- **Your objective**
Below is a listing; retype exactly the lines between the one containing "Infinity symbol of" and the one containing "Molto richieste dai", inclusive, minus the pictures.

- **Dataset records**
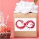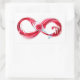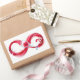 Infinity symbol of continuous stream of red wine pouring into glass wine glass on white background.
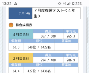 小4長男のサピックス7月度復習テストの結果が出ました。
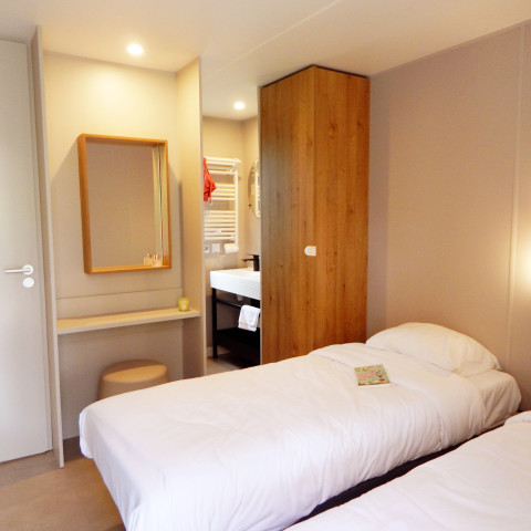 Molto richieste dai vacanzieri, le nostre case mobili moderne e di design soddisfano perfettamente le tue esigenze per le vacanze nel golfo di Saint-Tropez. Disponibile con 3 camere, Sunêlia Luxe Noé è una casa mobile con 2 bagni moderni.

---

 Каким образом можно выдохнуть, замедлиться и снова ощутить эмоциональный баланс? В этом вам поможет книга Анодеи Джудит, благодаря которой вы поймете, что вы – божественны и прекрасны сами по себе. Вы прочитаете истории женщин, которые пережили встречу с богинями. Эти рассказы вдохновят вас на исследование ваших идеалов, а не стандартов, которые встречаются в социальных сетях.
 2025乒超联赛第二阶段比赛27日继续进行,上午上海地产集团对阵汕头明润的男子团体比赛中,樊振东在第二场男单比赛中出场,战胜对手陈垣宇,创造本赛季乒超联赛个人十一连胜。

...

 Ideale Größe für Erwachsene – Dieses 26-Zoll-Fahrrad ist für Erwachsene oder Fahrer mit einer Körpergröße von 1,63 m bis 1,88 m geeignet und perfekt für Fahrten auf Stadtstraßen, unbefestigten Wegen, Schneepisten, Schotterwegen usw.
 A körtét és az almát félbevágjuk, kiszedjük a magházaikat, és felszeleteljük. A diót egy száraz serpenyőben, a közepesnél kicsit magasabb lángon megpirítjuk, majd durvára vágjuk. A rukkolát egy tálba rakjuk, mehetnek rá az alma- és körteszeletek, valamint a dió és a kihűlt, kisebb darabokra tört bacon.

- **Solution**
 Infinity symbol of continuous stream of red wine pouring into glass wine glass on white background.
 小4長男のサピックス7月度復習テストの結果が出ました。
 Molto richieste dai vacanzieri, le nostre case mobili moderne e di design soddisfano perfettamente le tue esigenze per le vacanze nel golfo di Saint-Tropez. Disponibile con 3 camere, Sunêlia Luxe Noé è una casa mobile con 2 bagni moderni.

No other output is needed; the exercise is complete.